Exercise: Reproduction of part of the material below, pictures omitted: copy exactly, and only, the lines starting with the one with "7月10日,阿尼瑪卿雪山山下掛著經(jīng)幡。  新華社記者 張宏祥 攝" and going on through the one with "De gauche à".

Excerpted records:

· · · · · · ·

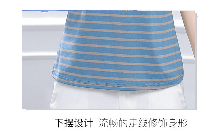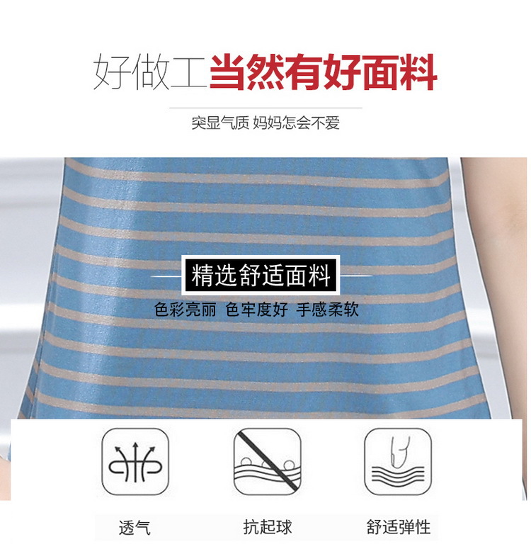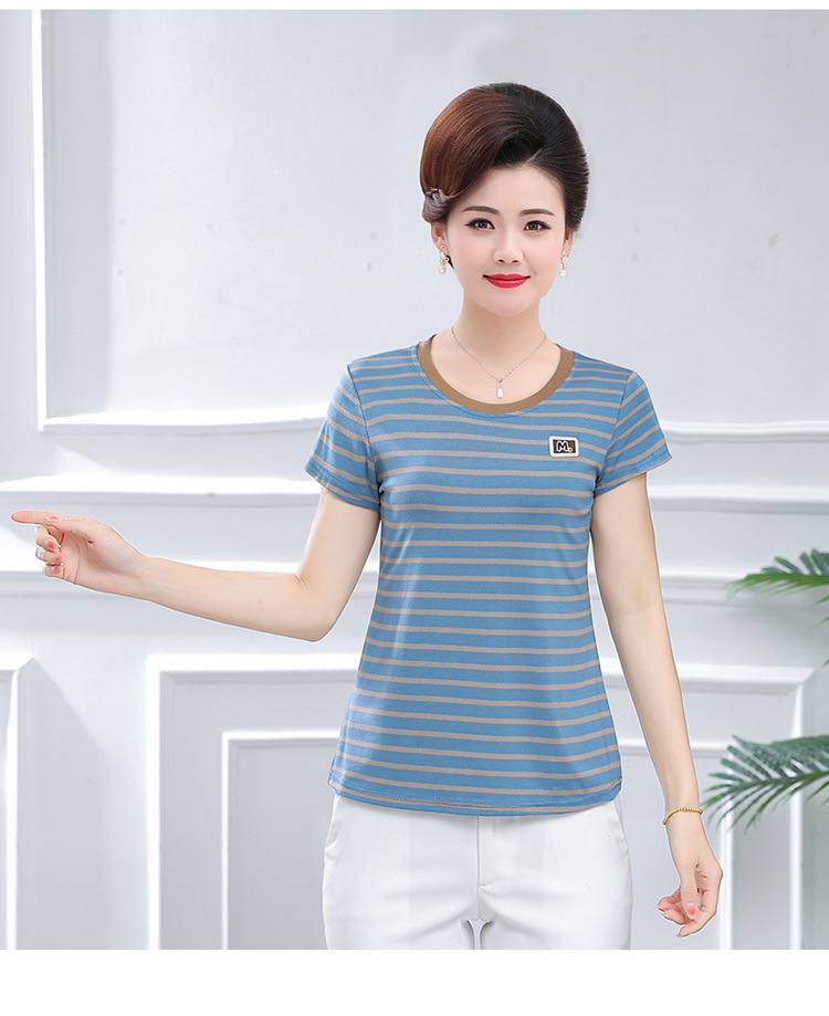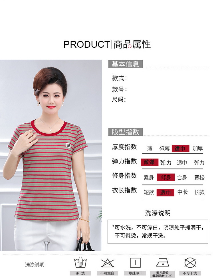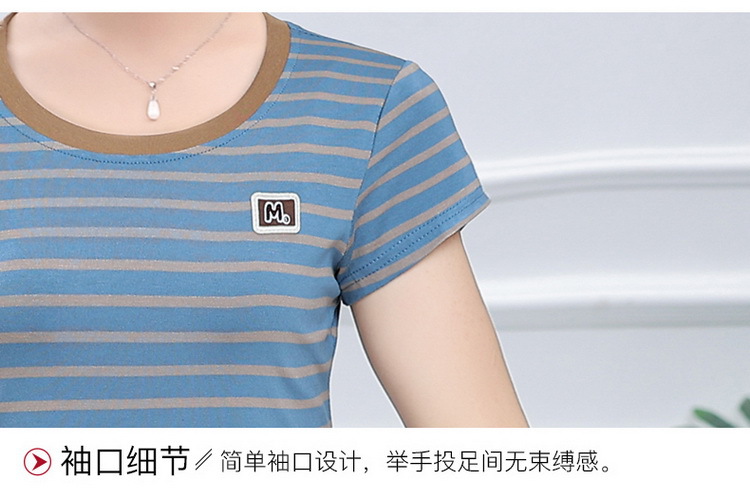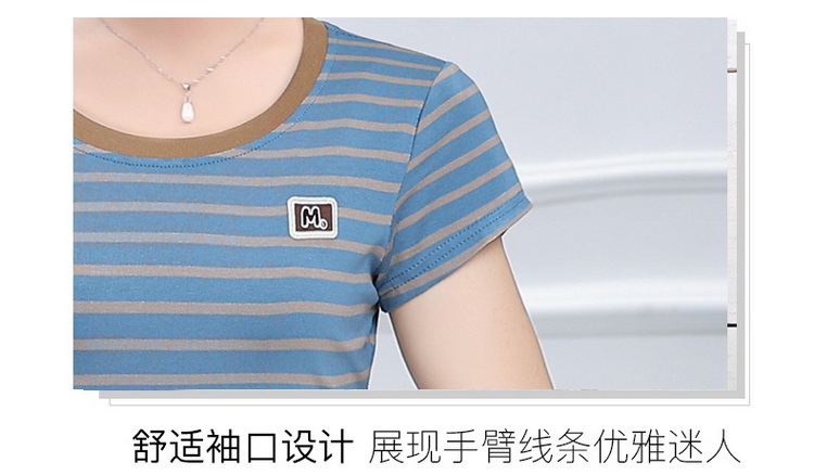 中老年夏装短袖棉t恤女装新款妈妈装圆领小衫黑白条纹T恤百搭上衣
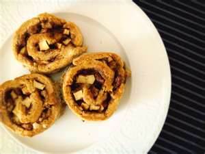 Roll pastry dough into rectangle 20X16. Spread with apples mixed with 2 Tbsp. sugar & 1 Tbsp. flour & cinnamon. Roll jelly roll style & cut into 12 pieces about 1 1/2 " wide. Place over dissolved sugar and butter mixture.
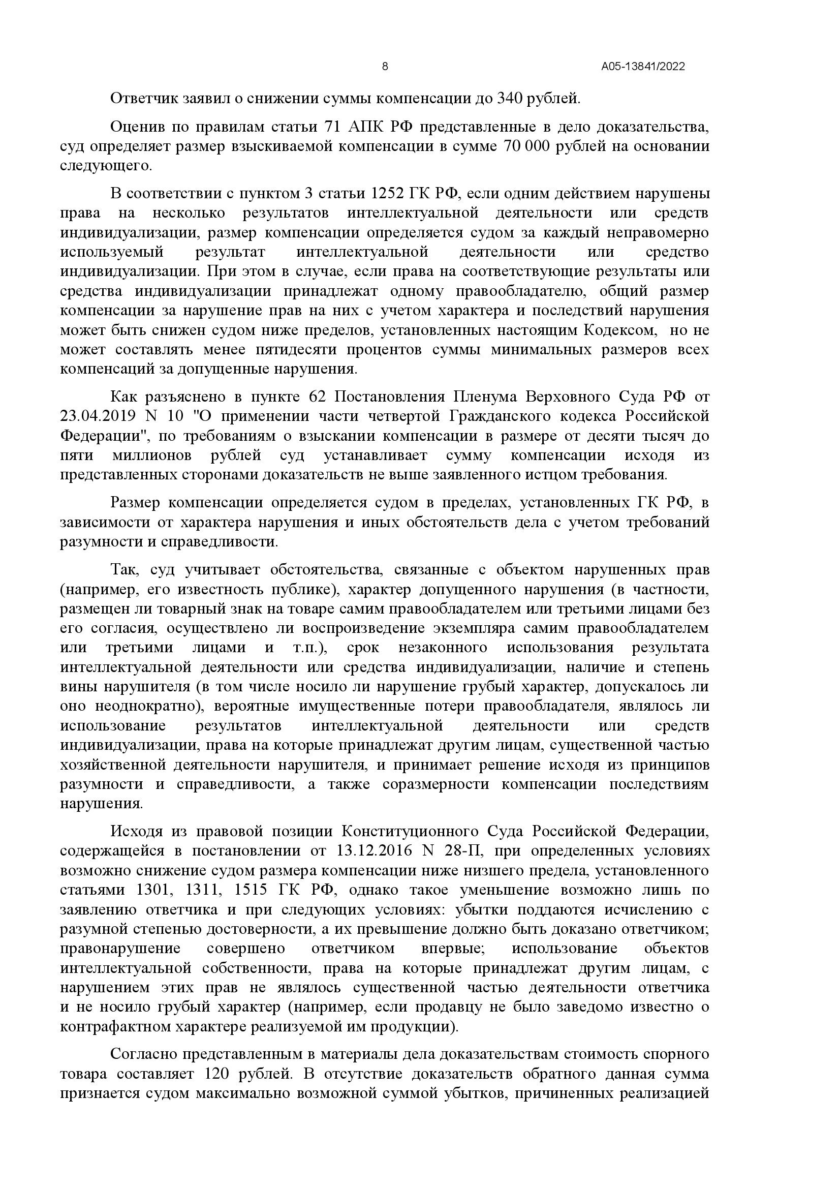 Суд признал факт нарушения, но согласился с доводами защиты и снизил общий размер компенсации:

· · · · · · ·

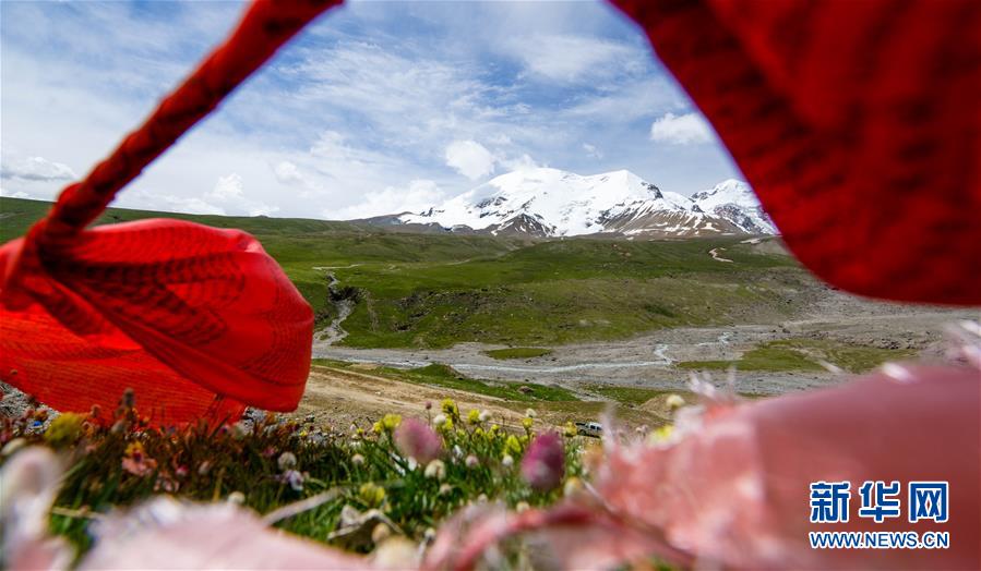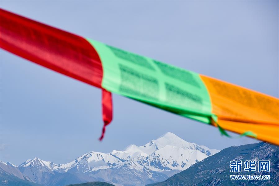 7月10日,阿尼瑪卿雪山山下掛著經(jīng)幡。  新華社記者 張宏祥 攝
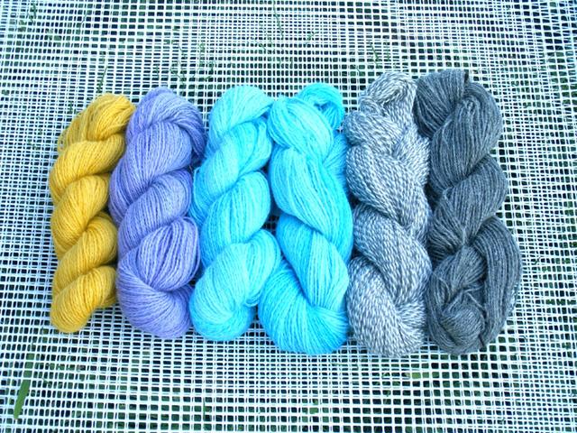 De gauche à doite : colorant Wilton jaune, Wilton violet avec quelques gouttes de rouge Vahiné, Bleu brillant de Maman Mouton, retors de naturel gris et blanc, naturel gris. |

· · · · · · ·

Final answer:
 7月10日,阿尼瑪卿雪山山下掛著經(jīng)幡。  新華社記者 張宏祥 攝
 De gauche à doite : colorant Wilton jaune, Wilton violet avec quelques gouttes de rouge Vahiné, Bleu brillant de Maman Mouton, retors de naturel gris et blanc, naturel gris. |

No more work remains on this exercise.